Well its been ages since I posted, I'm in the new house now which is lovely.
I've agonized over what to post, and what not to post for a couple of weeks now, but finally feel up to writing this. In fact, I think that it might make me feel a bit better.
Just before we left Cobar we got some awesome news, we were pregnant. For those who were wondering, thats why I didn't follow through with the psych position I applied for. Teaching made much more sense at the time. We told our families as Christmas, altough we weren't sure what was going on as I started bleeding a little on the 23rd and had to rush to Dubbo for a scan. Nothing major showed and we booked another scan for when we were in Griffith seeing Rex's family.

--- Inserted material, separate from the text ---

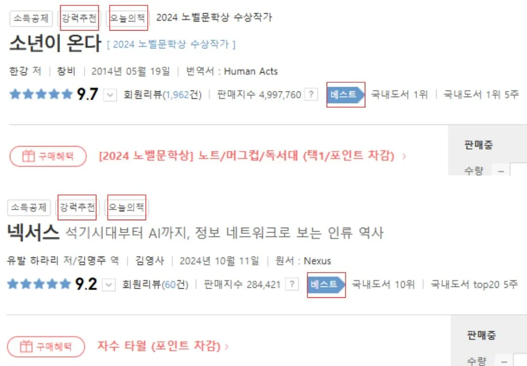2. 노벨 문학상 수상자 발표 이후 한강 작가의 소설이 베스트 셀러에 등재됨에 따라.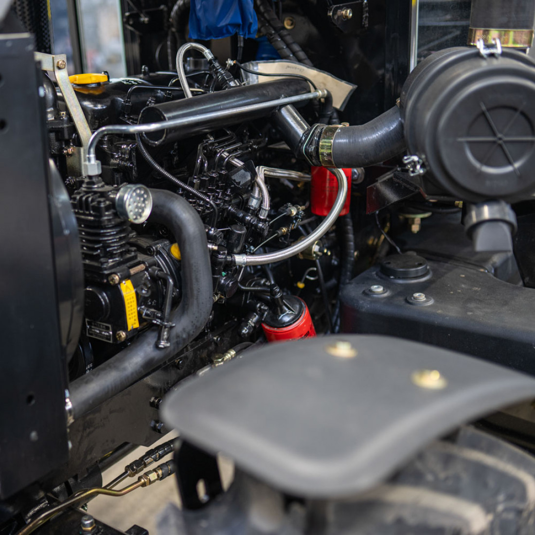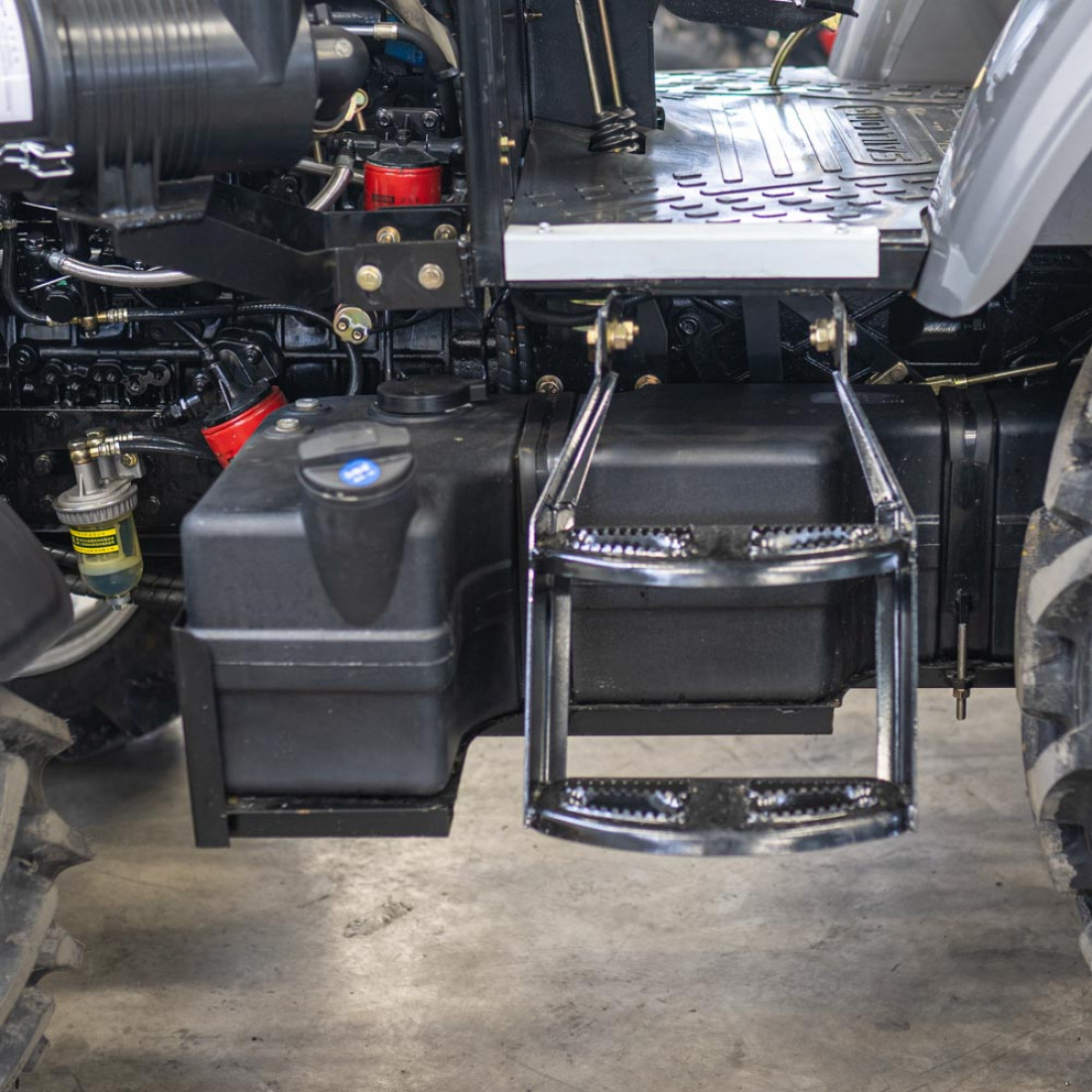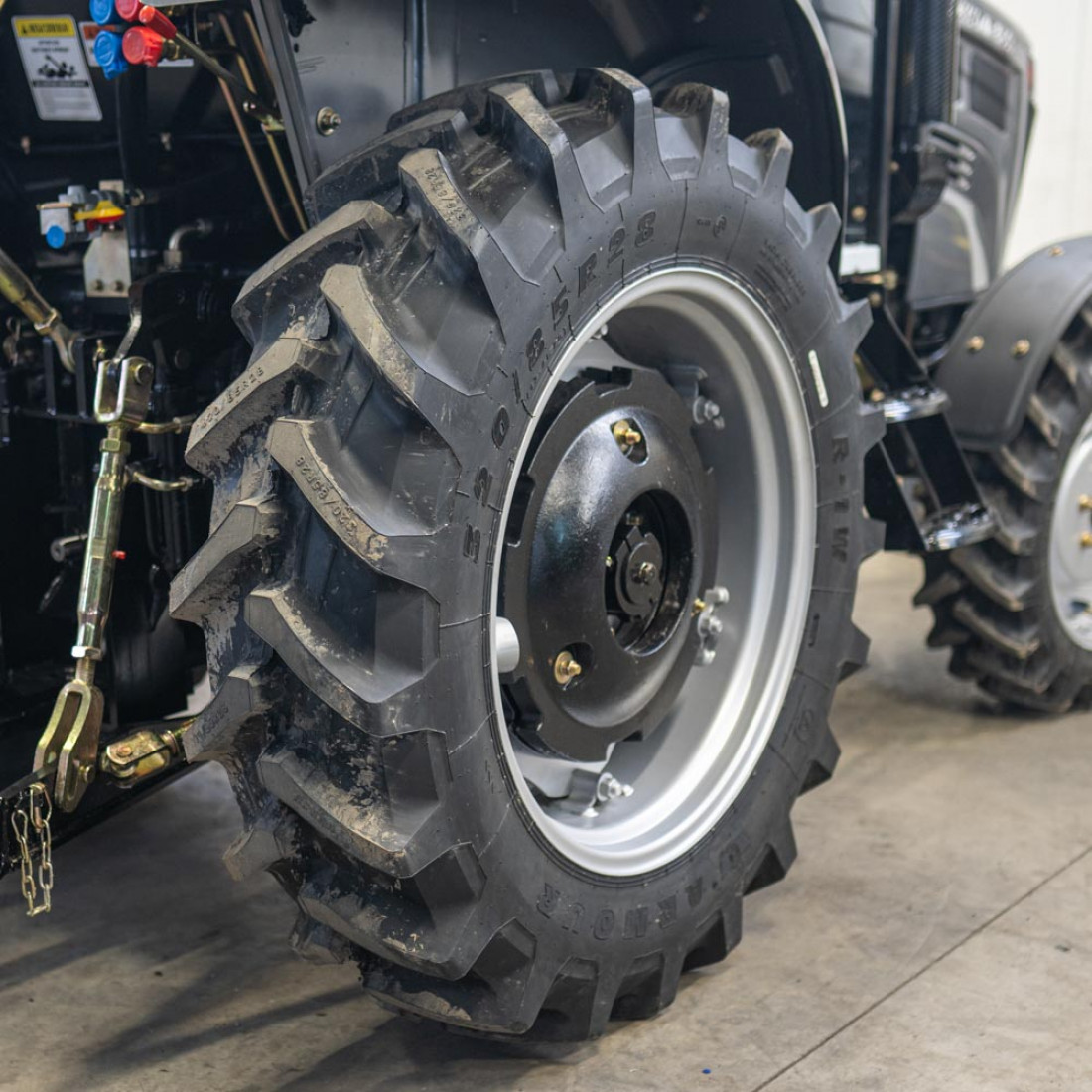 Шасси типа TE, в отличии от TY, позволяет использовать колеса большего размера - задние 12.4-28 и передние 8.3-20. Без риска для поломки трактора. Визуально КПП имеет больше размер, мощнее полуоси. Не нужно брать штангенциркуль, чтобы понять что шестерни и другие рабочие элементы значительно больше и крепче, чем используется в КПП класса TY.

Unfortunately the next scan wasn't so good, but not conclusive, so a third scan was booked once we got to Wagga. This was the final straw. No growth and no baby. Seeing the doctor, I basically had to wait it out. Waiting was the hardest thing I've ever done. Not knowing what was going to happen. Not knowing why it went wrong. Worst of all though was the secrecy around miscarriage.
Dispite so many women saying, 'yeah I've had one' there was very little discussion, even on the net, and lets face it, everything is on the internet. I find it hard to understand the secrecy. It is not something women need to be ashamed of, its not our fault. It was hard, and to then be told by a family member, oh well we went through it, it doesn't really matter, really hurt. Its really not to our credit we hide miscarriage,I mean when I'm having a crappy day because a receptionist demanded to know why I cancelled my obstetrician appointment, or because everyone in the supermarket looks pregnant, why can't I just tell people its because I had a recent miscarriage.
Anyway, maybe no one will read this, but if people do, don't feel the need to hide miscarriage, it can be helpful for others to see the happy endings. I'm yet to have mine, but I'm sure one day, hopefully soon, we will have our child.